**What you need to do:** In the data below, find the line with "3、加快水泥行业超低排放改造" and the line with "对于Kissinger方程,通过对ln(β/T2)对1/", then restate both and every line between them exactly, minus the pictures.

(Beginning of Exercise input)

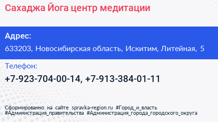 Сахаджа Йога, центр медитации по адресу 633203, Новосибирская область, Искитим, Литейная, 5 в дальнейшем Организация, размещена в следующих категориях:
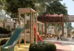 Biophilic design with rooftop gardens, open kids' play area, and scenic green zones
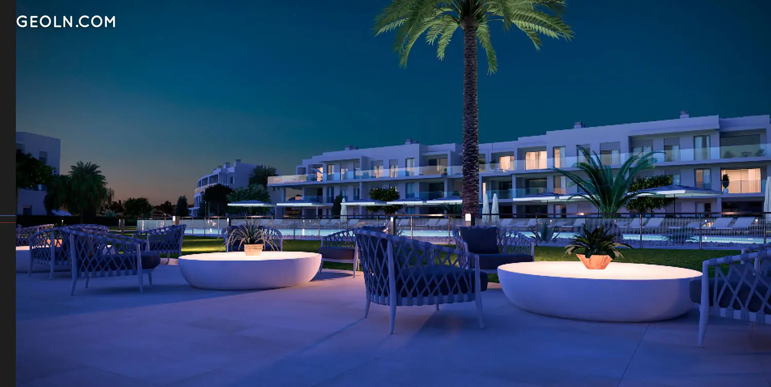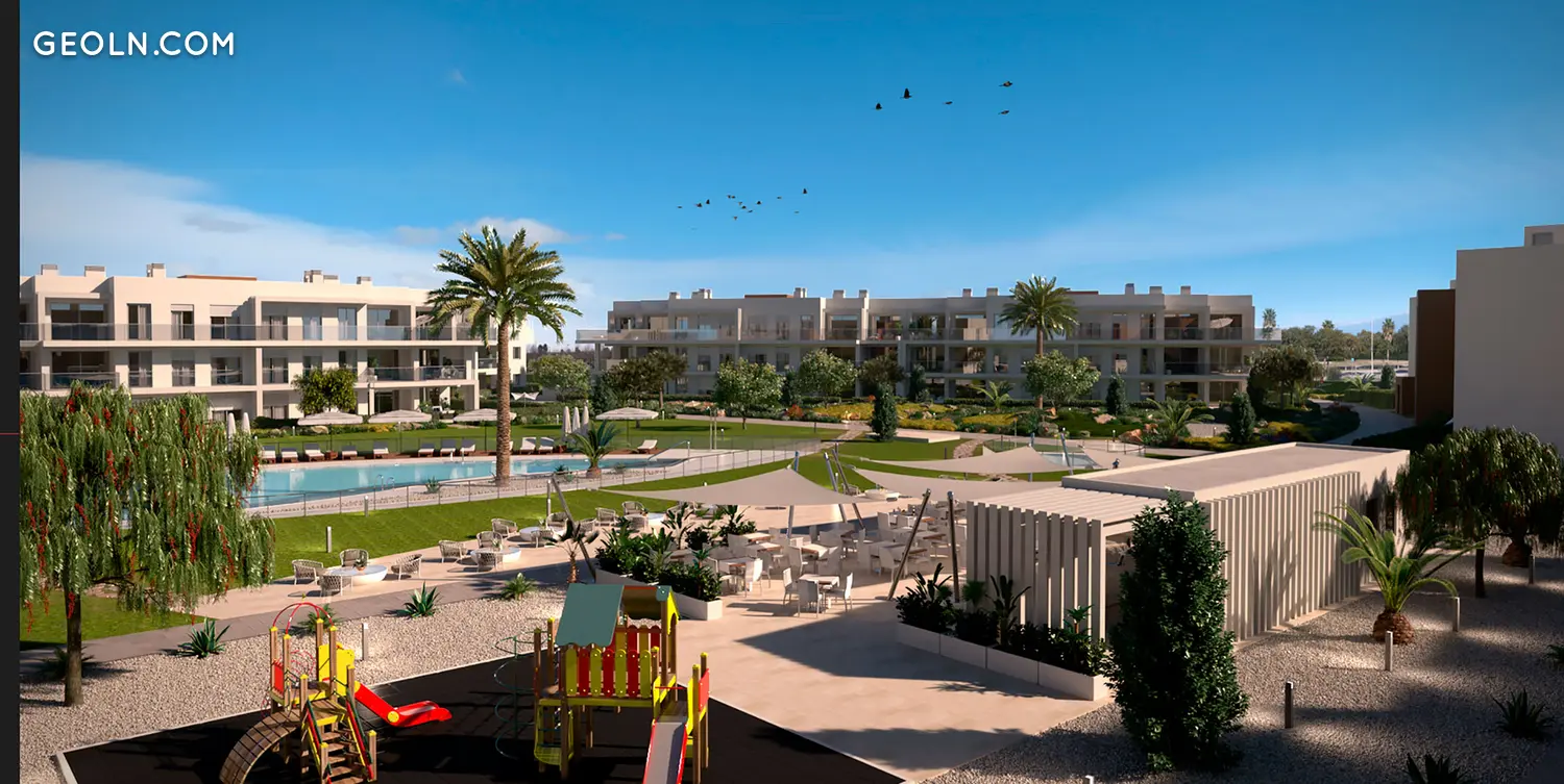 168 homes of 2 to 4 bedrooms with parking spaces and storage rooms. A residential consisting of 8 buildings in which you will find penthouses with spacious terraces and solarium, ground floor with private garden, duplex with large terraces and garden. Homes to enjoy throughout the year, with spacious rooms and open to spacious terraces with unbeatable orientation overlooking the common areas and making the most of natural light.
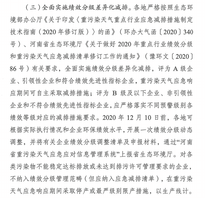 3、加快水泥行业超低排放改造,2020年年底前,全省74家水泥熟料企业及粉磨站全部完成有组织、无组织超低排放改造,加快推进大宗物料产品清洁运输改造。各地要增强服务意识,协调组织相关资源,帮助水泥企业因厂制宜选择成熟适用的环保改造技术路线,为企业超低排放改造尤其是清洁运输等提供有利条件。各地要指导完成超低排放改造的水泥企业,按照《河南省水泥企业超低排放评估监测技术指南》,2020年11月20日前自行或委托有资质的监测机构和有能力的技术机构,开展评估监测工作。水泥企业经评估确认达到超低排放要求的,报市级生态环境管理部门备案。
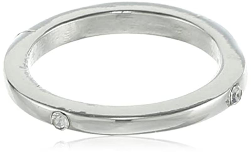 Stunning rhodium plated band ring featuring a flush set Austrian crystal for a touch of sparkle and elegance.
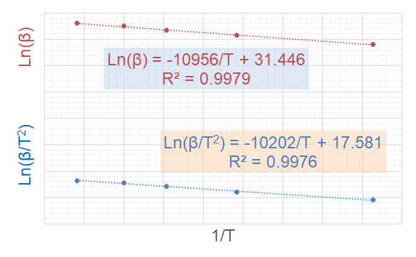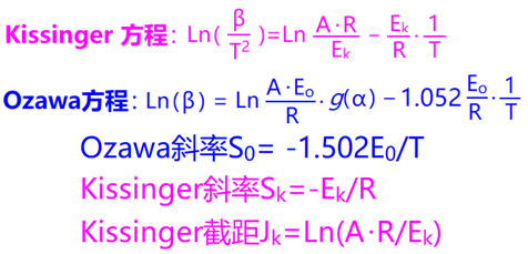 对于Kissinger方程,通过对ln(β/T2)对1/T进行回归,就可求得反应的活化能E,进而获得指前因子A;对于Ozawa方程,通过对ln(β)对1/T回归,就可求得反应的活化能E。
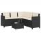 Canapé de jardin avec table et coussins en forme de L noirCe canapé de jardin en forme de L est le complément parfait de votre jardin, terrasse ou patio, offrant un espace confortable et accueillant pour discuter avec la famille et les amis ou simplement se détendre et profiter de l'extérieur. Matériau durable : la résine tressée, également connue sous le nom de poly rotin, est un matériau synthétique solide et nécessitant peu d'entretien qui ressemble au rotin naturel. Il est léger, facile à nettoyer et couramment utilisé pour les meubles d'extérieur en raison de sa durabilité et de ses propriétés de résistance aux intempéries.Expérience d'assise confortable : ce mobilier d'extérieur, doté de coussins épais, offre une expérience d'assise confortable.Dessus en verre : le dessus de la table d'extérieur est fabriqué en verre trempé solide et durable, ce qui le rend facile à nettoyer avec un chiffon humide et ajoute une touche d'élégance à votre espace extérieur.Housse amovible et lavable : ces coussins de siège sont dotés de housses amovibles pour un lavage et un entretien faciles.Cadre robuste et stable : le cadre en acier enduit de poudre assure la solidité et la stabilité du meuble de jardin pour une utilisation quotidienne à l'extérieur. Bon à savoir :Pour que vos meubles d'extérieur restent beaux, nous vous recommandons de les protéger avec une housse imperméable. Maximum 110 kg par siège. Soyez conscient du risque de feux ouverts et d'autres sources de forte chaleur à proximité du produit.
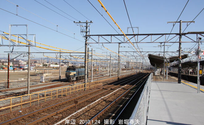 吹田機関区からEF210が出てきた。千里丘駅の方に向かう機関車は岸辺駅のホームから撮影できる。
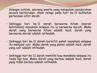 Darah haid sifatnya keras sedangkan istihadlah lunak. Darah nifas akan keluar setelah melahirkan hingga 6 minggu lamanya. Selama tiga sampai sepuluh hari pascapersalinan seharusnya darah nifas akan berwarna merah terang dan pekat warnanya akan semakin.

(End of Exercise input)
(Beginning of Exercise input)

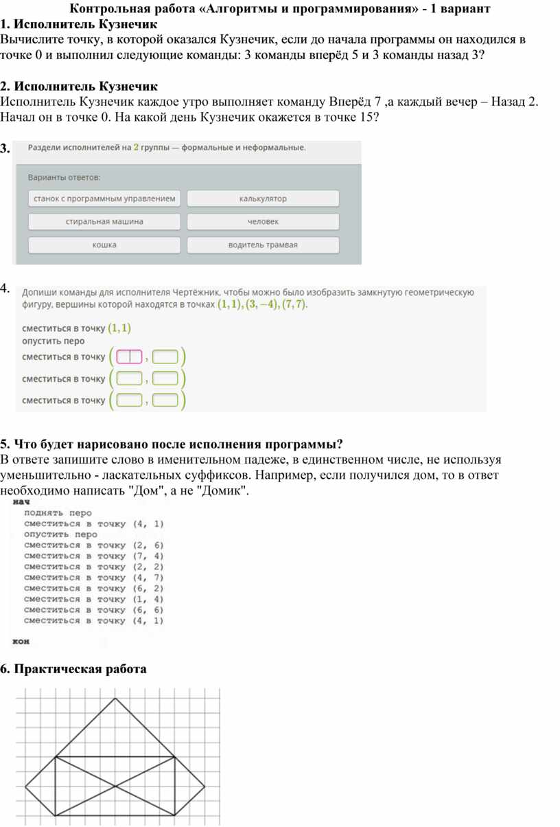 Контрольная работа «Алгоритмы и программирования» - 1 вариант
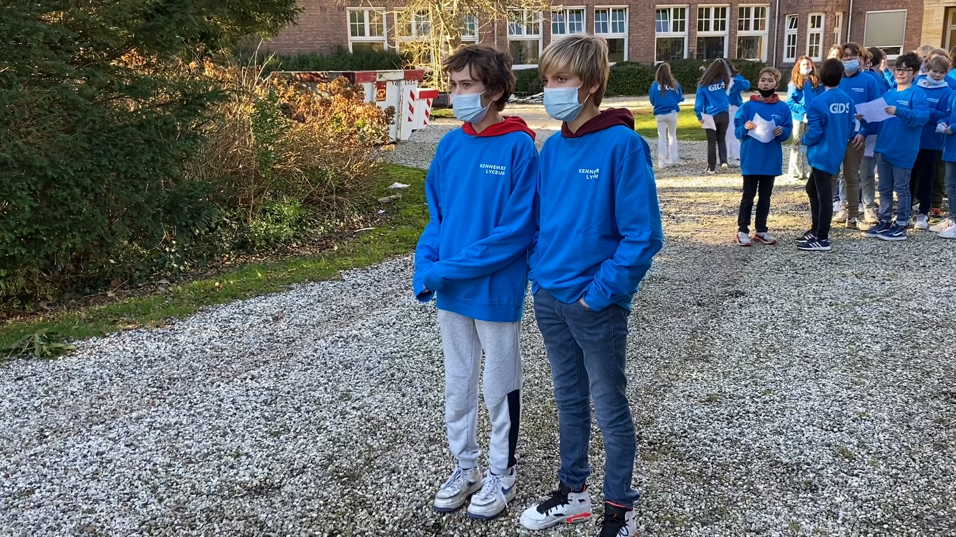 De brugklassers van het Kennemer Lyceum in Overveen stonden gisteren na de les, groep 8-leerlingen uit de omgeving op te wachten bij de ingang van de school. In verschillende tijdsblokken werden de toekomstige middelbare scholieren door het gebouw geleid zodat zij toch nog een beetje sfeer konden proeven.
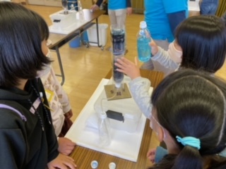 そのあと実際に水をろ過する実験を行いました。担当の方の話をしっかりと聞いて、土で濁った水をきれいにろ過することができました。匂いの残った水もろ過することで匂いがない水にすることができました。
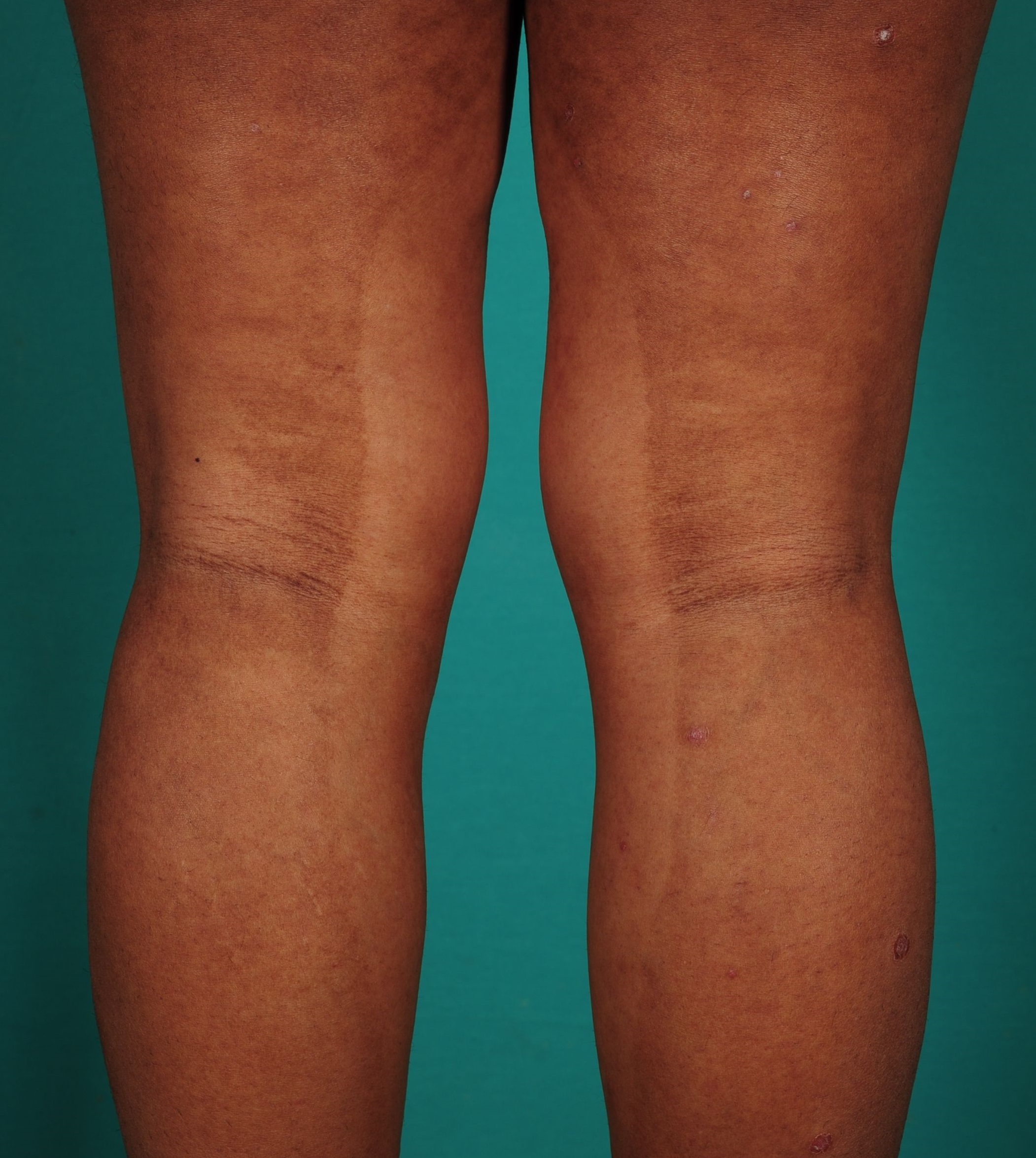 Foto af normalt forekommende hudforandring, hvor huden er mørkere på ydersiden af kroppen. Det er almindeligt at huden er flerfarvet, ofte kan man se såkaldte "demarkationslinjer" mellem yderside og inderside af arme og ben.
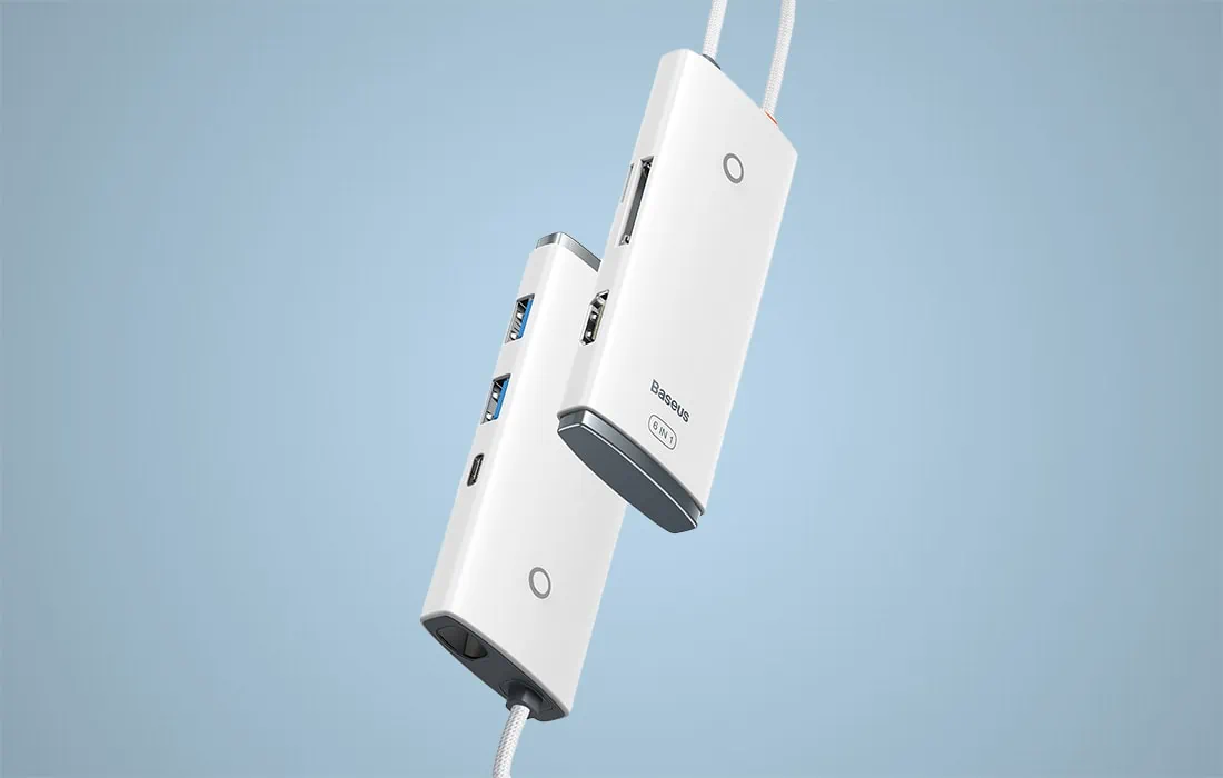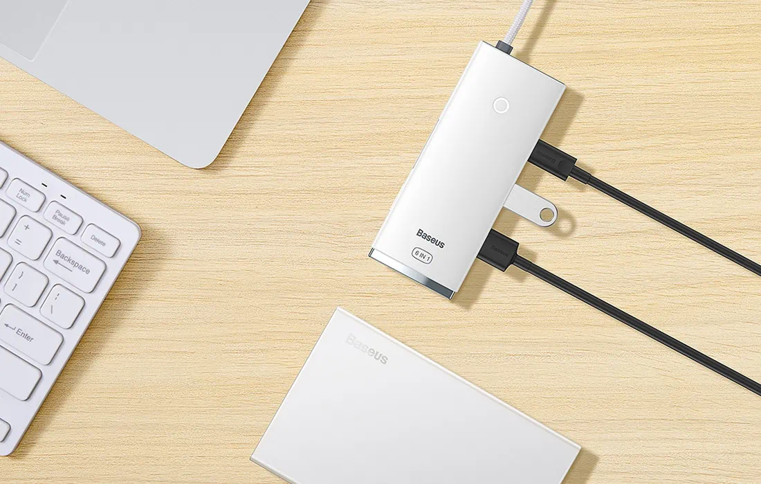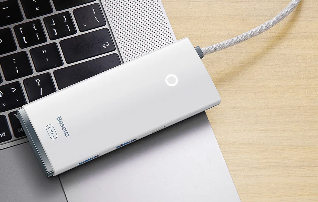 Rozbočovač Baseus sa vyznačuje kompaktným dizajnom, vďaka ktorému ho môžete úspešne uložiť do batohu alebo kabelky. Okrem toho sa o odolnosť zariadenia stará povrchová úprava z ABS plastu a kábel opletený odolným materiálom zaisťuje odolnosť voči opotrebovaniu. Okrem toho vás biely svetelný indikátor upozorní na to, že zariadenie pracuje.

(End of Exercise input)

**Reply:**
 3、加快水泥行业超低排放改造,2020年年底前,全省74家水泥熟料企业及粉磨站全部完成有组织、无组织超低排放改造,加快推进大宗物料产品清洁运输改造。各地要增强服务意识,协调组织相关资源,帮助水泥企业因厂制宜选择成熟适用的环保改造技术路线,为企业超低排放改造尤其是清洁运输等提供有利条件。各地要指导完成超低排放改造的水泥企业,按照《河南省水泥企业超低排放评估监测技术指南》,2020年11月20日前自行或委托有资质的监测机构和有能力的技术机构,开展评估监测工作。水泥企业经评估确认达到超低排放要求的,报市级生态环境管理部门备案。
 Stunning rhodium plated band ring featuring a flush set Austrian crystal for a touch of sparkle and elegance.
 对于Kissinger方程,通过对ln(β/T2)对1/T进行回归,就可求得反应的活化能E,进而获得指前因子A;对于Ozawa方程,通过对ln(β)对1/T回归,就可求得反应的活化能E。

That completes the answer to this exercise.